Spyridium glaucum

Scientific classification
- Kingdom: Plantae
- Clade: Tracheophytes
- Clade: Angiosperms
- Clade: Eudicots
- Clade: Rosids
- Order: Rosales
- Family: Rhamnaceae
- Genus: Spyridium
- Species: S. glaucum
- Binomial name: Spyridium glaucum Rye

= Spyridium glaucum =

- Genus: Spyridium
- Species: glaucum
- Authority: Rye

Species of shrub

Spyridium glaucum is a species of flowering plant in the family Rhamnaceae and is endemic to a restricted area of south-western Western Australia. It is an erect or spreading shrub with egg-shaped leaves, and clusters of 3 to 6 rusty-hairy flowers.

==Description==
Spyridium glaucum is an erect or spreading shrub that typically grows to a height of 0.5–1 m, its young stems densely hairy, the hairs pressed against the surface. Its leaves are usually egg-shaped with the narrower end towards the base, sometimes oblong to elliptic, 12–16 mm long and 5–9 mm wide on a petiole 2–4 mm long, and with the edges turned down or rolled under. The flowers are borne in heads of 3 to 6, the heads 3–6 mm wide and densely covered with rust-coloured hairs.
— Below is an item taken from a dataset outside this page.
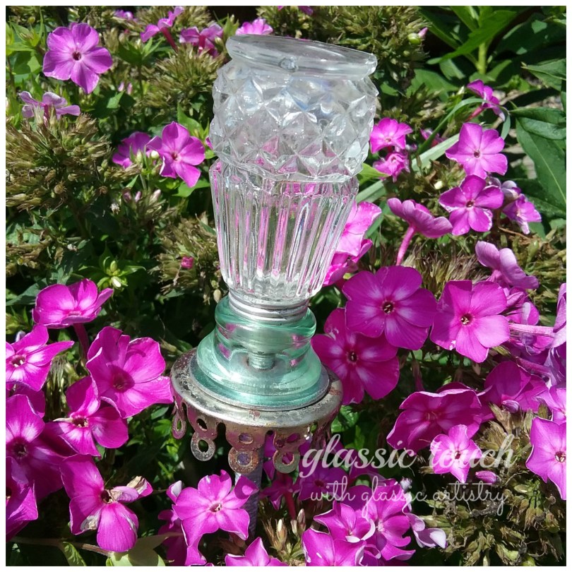 Just a reminder, glass and metal expand and contract at different temperatures, so please store them indoors during cold winter months. I stand mine in a bucket of sand, in the garage, through the winter so they don’t get iced over.

The floral tube is 0.8–1 mm long and the sepals 0.7–1.2 mm long. Flowering occurs from September to November.

==Taxonomy==
Spyridium glaucum was first formally described in 1995 by Barbara Lynette Rye in the Nuytsia from specimens collected by Eleanor Marion Bennett near Ravensthorpe in 1979. The specific epithet (glaucum) means "bluish-green or grey", referring to the colour of the leaves.

==Distribution==
This spyridium is only known from hills north-east of Ravensthorpe in the Esperance Plains bioregion of south-western Western Australia.